I’ve been quiet for a long time. When my head is full of what’s going on in the world, it’s hard to get into the frame of mind for a poem. I’ve tended to sit and brood, between marches, on what’s to become of us. I feel it is imperative for poets to speak about the state we’re in, but when I try to, it doesn’t necessarily make for my best poetry. It’s not emotion recollected in tranquility. However, other poets are doing better than I am. Bill Herbert and Andy Jackson have managed to collect a good crop of poems about Brexit, Austerity, Trump, and the Far Right in the latest chapter of New Boots and Pantisocracies where I was honoured to have a poem included.
It’s a year since my pamphlet came out and I’m grateful for two reviews from people who actually understand exactly what I tried to say. London Grip‘s James Roderick Burns gave a very kind review and Rennie Halstead in Sphinx talks about my interest in the outsider, here. I’ve still got a few copies of the book, by the way, if anyone wants one.
In many ways, poets are always outsiders. It’s easy to notice things when you are observing them rather than being involved. It’s easier to notice the uniqueness of places and people and attitudes when you come from a different place. I remember being forcibly struck by Glyn Maxwell’s poem, ‘Come to Where I’m From‘, for a witty and poignant evocation of a place that maybe few people feel is poetic (Maxwell comes from Welwyn Garden City).

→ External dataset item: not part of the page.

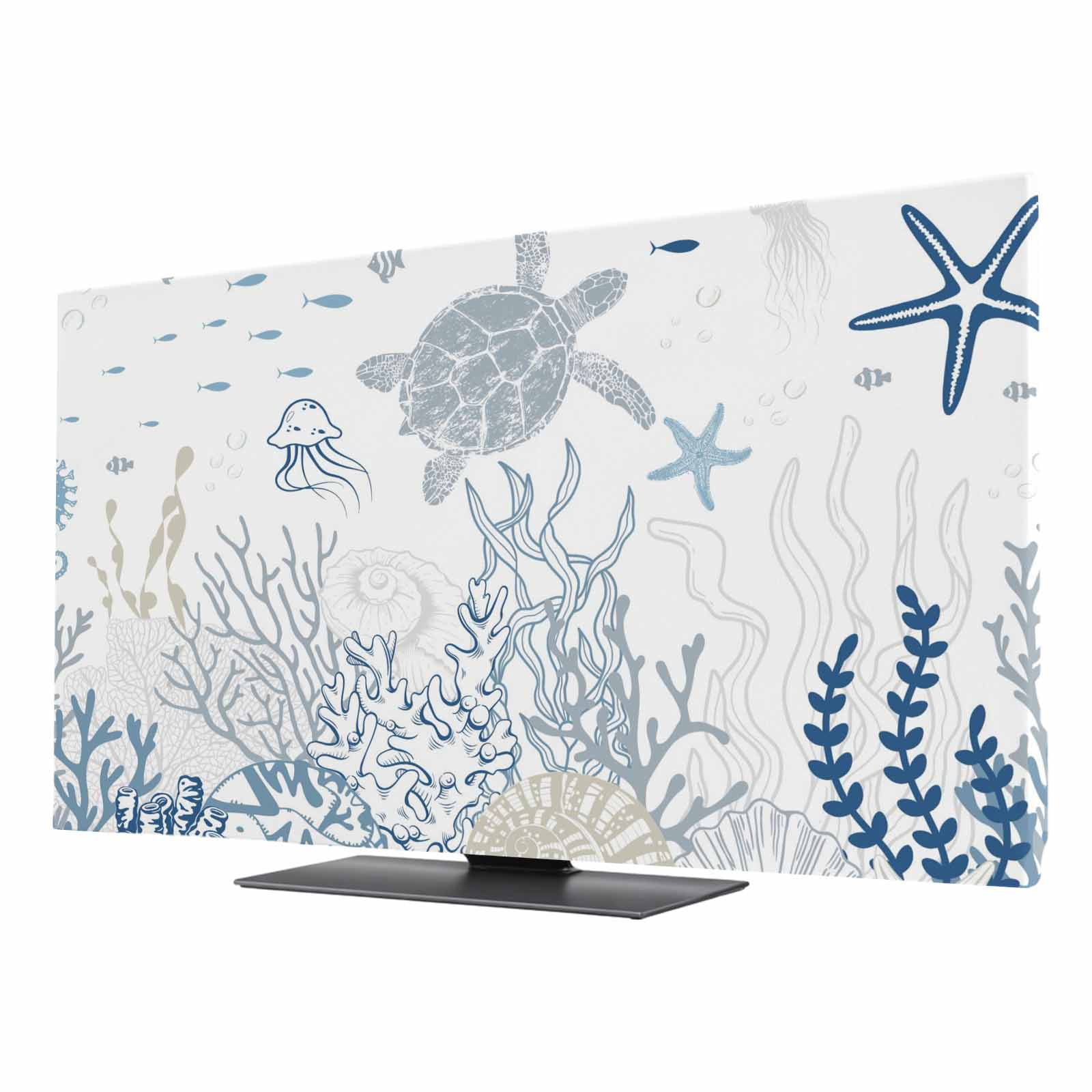 Blue Coastal TV Cover for 55 Inch Screen,Stretch Fabric Dustproof TV ...

I’m still writing about places; Teesdale, where I am living now, and lots of places from my past. Since moving north five years ago I’ve noticed the huge difference between the way that poets in the Thames Valley talk about their home towns and the way Teesside poets talk about theirs. I’m a bit obsessed, right now, with what makes England, and what makes the English. That’s just a reflection of the times we live in.